Chocolate maker, Lindt and Sprüngli, has reported an 11 per cent reduction in its first half operating loss, slightly beating market expectations of a larger loss.
The Kilchberg-based company said sales were up 5.2 per cent at SFr623.7 million ($373.5 million), while the operating loss narrowed to SFr15.8 million. Financial analysts had expected a six per cent rise in sales and a first-half operating loss off SFr16.7 million.
The pre-tax loss for the first six months of the year narrowed to SFr20.8 million from SFr24.1 million.
Lindt said the economic slowdown had not affected chocolate retail sales so far.
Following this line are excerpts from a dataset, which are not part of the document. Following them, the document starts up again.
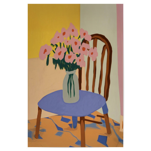 Poster 30x20 cm "Blumenvase auf dem Stuhl" artboxONE - Floral - Stuhl,Vase,Blumen,Aquarell,Ki,Malerei,Bunt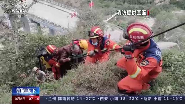 繩橋搭建完成后,消防員徒步跨過阻擋在道路中央的石塊,將小孩和病情危重的老人進行轉(zhuǎn)移。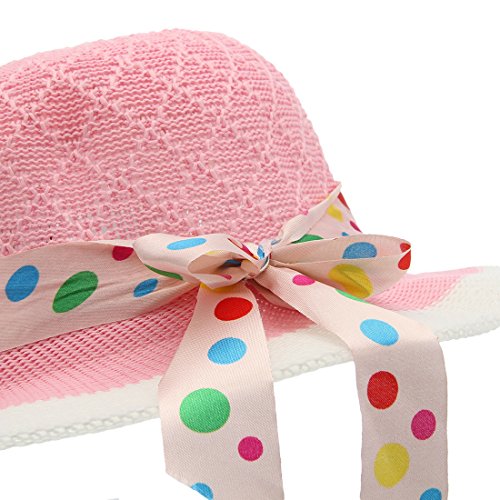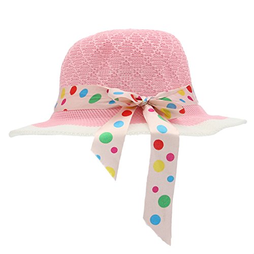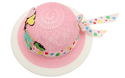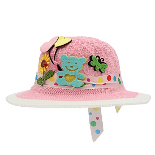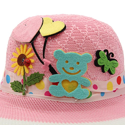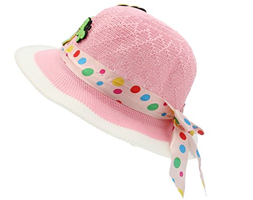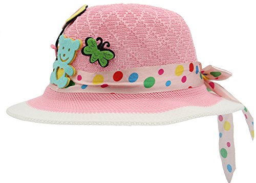 (コ-ランド) Co-land キッズ 子供用帽子 ベビー キャップ 女の子ハット つば広 リボン 可愛い柄飾り 女児 紫外線UVカット 通学通園 お出かけ ピンク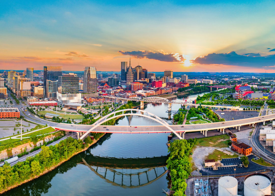 An aerial view of Nashville, Tennessee.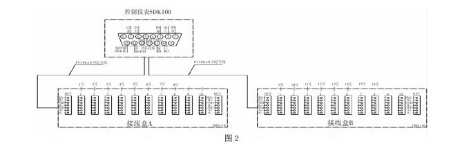 本臺地磅長度大,需用傳感器16只,一般的標準接線盒只能接10只傳感器,因此我們配了兩只接線盒,圖1中A接線盒接入10只稱重傳感器信號和B接線盒接入6只稱重傳感器信號由兩條信號線分別接入稱重控制器的傳感器接口。此接法在計量檢定時秤臺間有較大誤差。
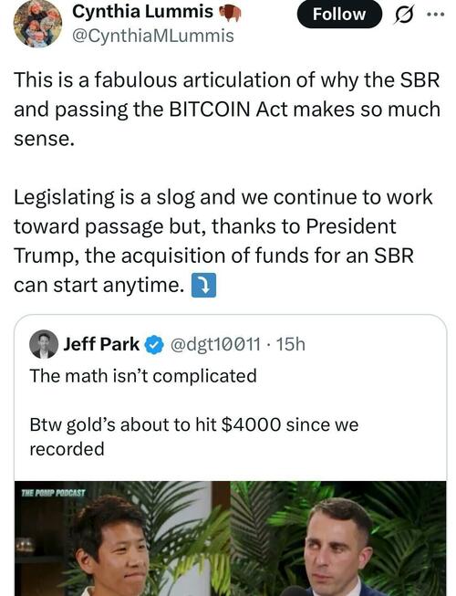 In an X post on Monday, Lummis said that while it remains a “slog” on the legislative side of things, thanks to “President Trump, the acquisition of funds for an SBR can start anytime.”

It said the improvement for the full-year operating result should be in line with first-half figures.
"Based on our experience to date, Lindt and Sprüngli does not expect a substantial change in consumer sentiment in the major markets in the second half of 2001," the company said in a statement.
Lindt makes less than 40 per cent of its annual sales in the first-half of the year, which includes the important Valentine's Day and Easter chocolate dates. Christmas and cold winter weather in the second-half of the year boost chocolate sales.
Meanwhile the company still takes half of its fixed costs over the first six months of the year.
Lindt said the chocolate market remained characterised by excess capacity and further consolidation by retailers, which results in aggressive pricing by competitors.